Above code is compile clean, but not able to hit bins.

Is there any other way to just part-select of coverpoint reference.

I know that I can achieve this using multiple coverpoint, but I don't want to write new coverpoint for each case like,

      FCOV_TX_CLIENT_RATE : coverpoint i_tx_config[1:0]
      {
         wildcard bins RATE_0      = {2};
         wildcard bins RATE_1      = {1};
      }
 
      FCOV_TX_CLIENT_RATE : coverpoint i_tx_config[3:2]
      {
         wildcard bins RATE_2      = {1};
      }
 
      FCOV_TX_CLIENT_RATE : coverpoint i_tx_config[5:4]
      {
         wildcard bins RATE_3      = {1};
      }

Is there any better solution ?

Replies

Log In to Reply
dave_59
dave_59
Forum Moderator
11273 posts
March 09, 2023 at 11:05 pm

In reply to J_M:

It's hard to find a generic algorithm for the bins in your code, but there are a couple approaches you can take.

You can use a bin set expression to create a list of matching bin values

bit [12:0] rate[8][] = '{ {12'b????_????_?010,12'b????_????_?110}.
                          {12'b????_????_??01}.
                           ...
                        }; // you can use whatever procedural code you want to
                           // construct this array before constructing the covergroup
 
covergroup client_rate;
      option.per_instance = 1;
 
      RX_CLIENT_RATE : coverpoint i_rx_config
      {
         wildcard bins RATE_0      = rate[0];
         wildcard bins RATE_1      = rate[1];
         wildcard bins RATE_2      = rate[2];
         wildcard bins RATE_3      = rate[3];
         wildcard bins RATE_4      = rate[4];
         wildcard bins RATE_5      = rate[5];
         wildcard bins RATE_6      = rate[6];
         wildcard bins RATE_7      = rate[7];
 
endgroup

You can send your coverpoint values through a function and use its return value to select a bin. 
bit [12:0] rate[8][] = '{ {12'b????_????_?010,12'b????_????_?110}.
                          {12'b????_????_??01}.
                           ...
                        }; // you can use whatever procedural code you want to
                           // construct this array before constring the covergroup
 
covergroup client_rate;
      option.per_instance = 1;
 
      RX_CLIENT_RATE : coverpoint somefunc(i_rx_config)
      {
         bins RATE[8]      = {[0:7]};
      }
endgroup
 
function int somefunc(bit [12:0] samp);
   return ... some value between 0 and 7

— Dave Rich, Verification Architect, Siemens EDA

J_M
J_M
Full Access
35 posts
March 14, 2023 at 12:20 am

Hi Dave,

Thanks for your reply, yes definitely I can use ?/X and pass it using variable or function.
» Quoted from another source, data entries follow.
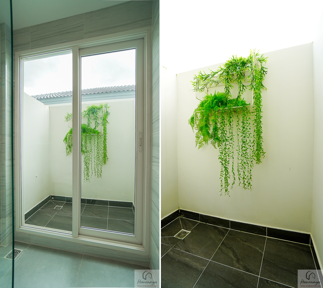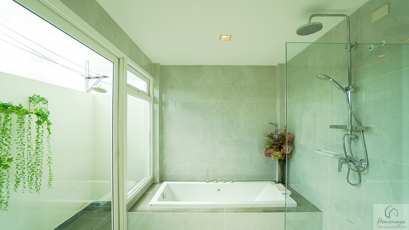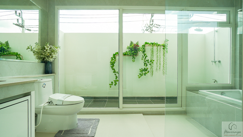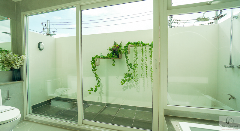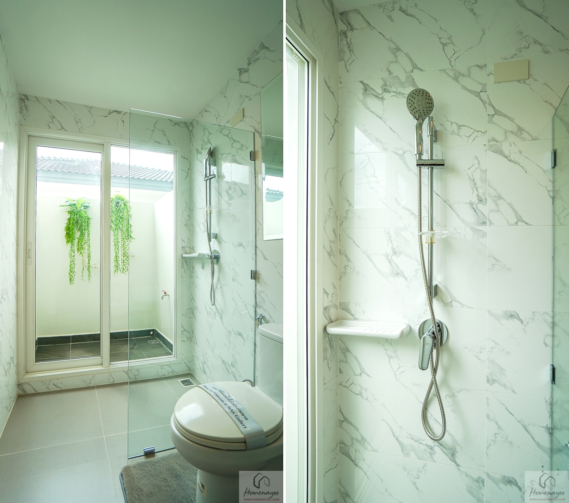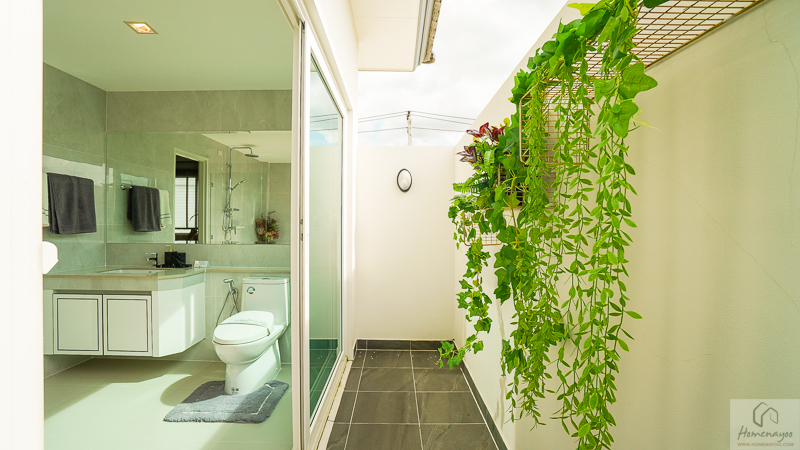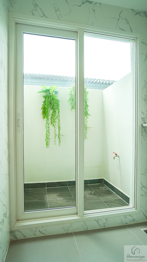 หากไม่ได้ใช้อาบน้ำจริง พื้นที่นี้ยังสามารถปรับเป็น มุมวางราวตากผ้า หรือจัดเป็น Pocket Garden เล็ก ๆ เพิ่มความสดชื่นให้บ้านได้อย่างลงตัวค่ะ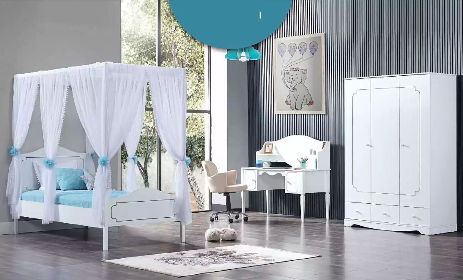 Stanze per bambini Camera da letto Camera da letto per ragazzi Camera completa Letto a baldacchino Bianco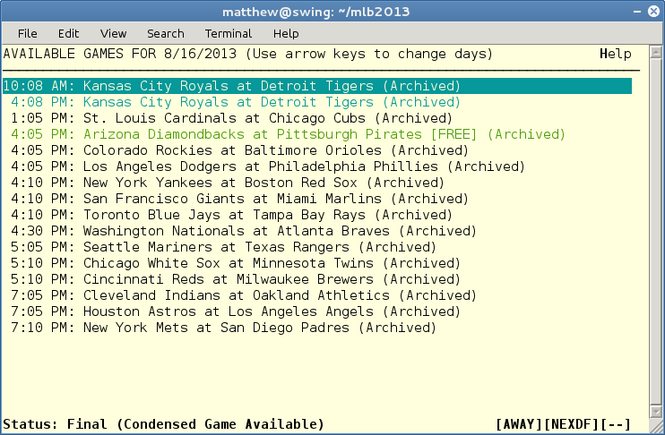 I love being able to watch Dodger games without my browser! It took me some doing to get PyXML installed and I can't seem to get mlbhls working, but watching Dodger games online, even form the night before, without firing up my web browser? Priceless. I'm going to hate when my two week free trial of MLB.TV expires because I'm already getting spoiled.

Here I used defined based coverage and using 'iff' I am hitting the bins.

`define CLIENT_RATE(DIR, REF, ID) \
``DIR``_CLIENT_RATE_``ID : coverpoint 1 iff (!i_sample)  \
{ \
  bins RATE_0 = {1} iff (``REF[``ID][0]); \
  bins RATE_1 = {1} iff (``REF[``ID][1]); \
  bins RATE_2 = {1} iff (``REF[``ID][2]); \
  bins RATE_3 = {1} iff (``REF[``ID][3]); \
  bins RATE_4 = {1} iff (``REF[``ID][4]); \
  bins RATE_5 = {1} iff (``REF[``ID][5]); \
  bins RATE_6 = {1} iff (``REF[``ID][6]); \
  bins RATE_7 = {1} iff (``REF[``ID][7]); \
  bins RATE_8 = {1} iff (``REF[``ID][8]); \
  bins RATE_9 = {1} iff (``REF[``ID][9]); \
}
module fcov_rate
(
   // Clock and Resets
   input [9:0][12:0]  i_rx_config
);
 
covergroup client_rate;
  option.per_instance = 1;
 
  `CLIENT_RATE(RX,i_rx_cfg,0)
  `CLIENT_RATE(RX,i_rx_cfg,1)
 
endgroup
 
client_rate cov_config_inst;
 
initial begin
  cov_config_inst = new();
end
 
endmodule

Above code serves my purpose and able to use same define multiple times by just passing different reference to the define.
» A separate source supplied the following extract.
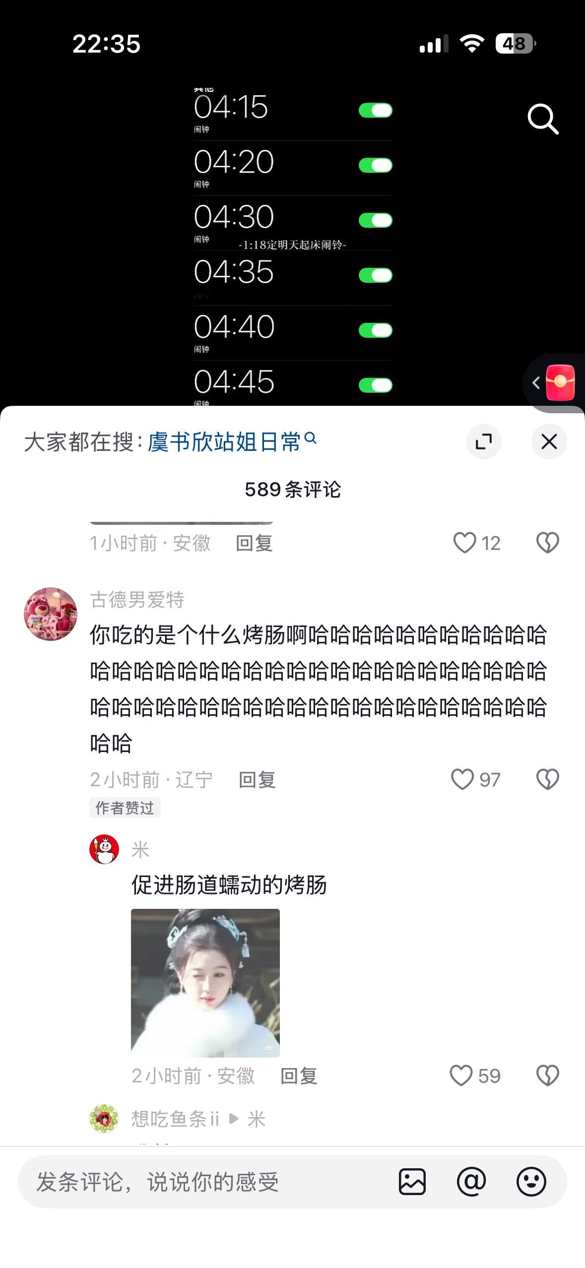 我要被这个虞书欣站姐笑死了饿了买了一根烤肠吃了拉肚子评论区:促进肠道蠕动的烤肠哈哈哈哈哈哈哈哈哈哈哈哈哈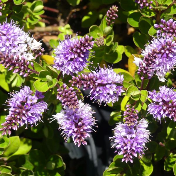 Patty's Purple Hebe thrives in warm Zones, taking on the same basic shape seen in the timeless boxwood shrub. This beautiful shrub is a bit of a sun worshiper, it loves hot, hot sun, but it also likes a little shade too, much like its boxwood counterparts. Use it as a border or hedge, or pot the Patty's Purple Hebe in containers for a more formal look on the patio, deck or porch.

Now let say I have 8 different client_cfg(client_cfg[8]) and I am passing different cfg instance in define reference. but client_cfg 0 to 6 support RATE_0 to RATE_9 and client_cfg only support RATE_0 to RATE_5. So I my coverage goal is not achieving 100% as RATE_6 to RATE_9 are not present for client_cfg[7], client_cfg[8] and client_cfg[9].
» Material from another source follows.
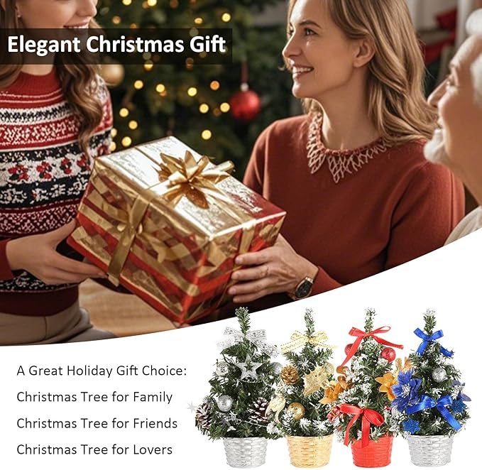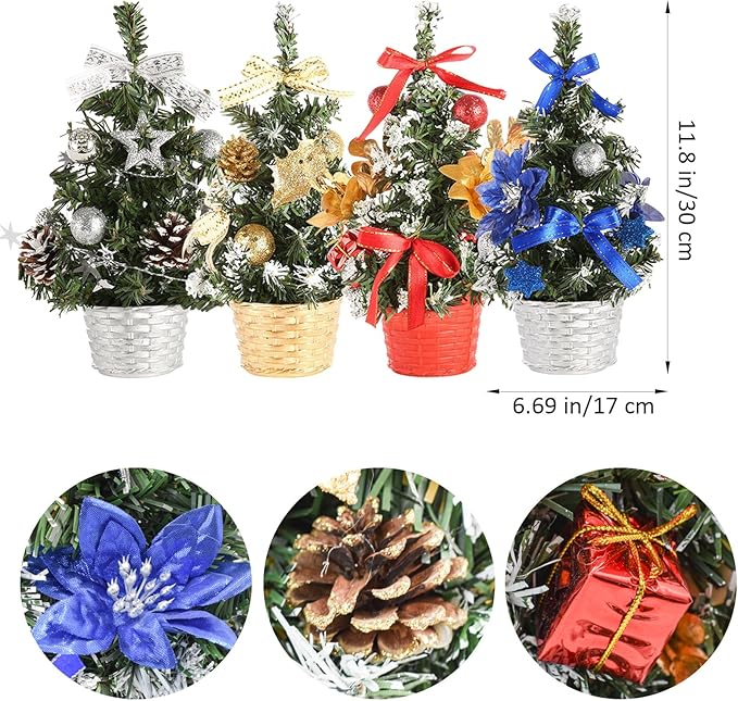 「綺麗なクリスマス飾り」:卓上クリスマスツリーはクリスマスをテーマし、赤と金と銀と青の4色がデザインされております。ミニクリスマスツリーには、カラーボールやリボン、ギフトボックス、リボン、星、造花などの飾りがたくさんついていて、可愛いです。もちろん、ご自身の好みに合わせて、装飾を追加する DIY 可能もあります。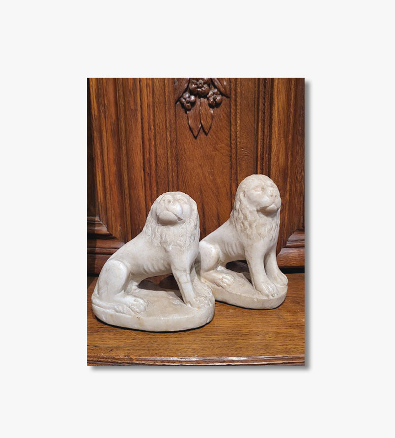 Paire de lions en marbre, 16e siècle

Do we have any method to not define bins if certain condition is not matched/satisfied?

Line below example,

`define CLIENT_RATE(DIR, REF, ID) \
``DIR``_CLIENT_RATE_``ID : coverpoint 1 iff (!i_sample)  \
{ \
  bins RATE_0 = {1} iff (``REF[``ID][0]); \
  bins RATE_1 = {1} iff (``REF[``ID][1]); \
  bins RATE_2 = {1} iff (``REF[``ID][2]); \
  bins RATE_3 = {1} iff (``REF[``ID][3]); \
  bins RATE_4 = {1} iff (``REF[``ID][4]); \
  bins RATE_5 = {1} iff (``REF[``ID][5]); \
  bins RATE_6 = {1} iff (``REF[``ID][6]); \
  if(``ID < 7) begin \
    bins RATE_7 = {1} iff (``REF[``ID][7]); \
    bins RATE_8 = {1} iff (``REF[``ID][8]); \
    bins RATE_9 = {1} iff (``REF[``ID][9]); \
  end \
}

Solution

Solution

dave_59
dave_59
Forum Moderator
11273 posts
March 14, 2023 at 10:36 pm

In reply to J_M:

The is no way to evaluate an expression as part of a macro, and there is no way to conditionally create a named bin within a coverpoint. You can control the size of an array of bins, and the values in each bin at construction.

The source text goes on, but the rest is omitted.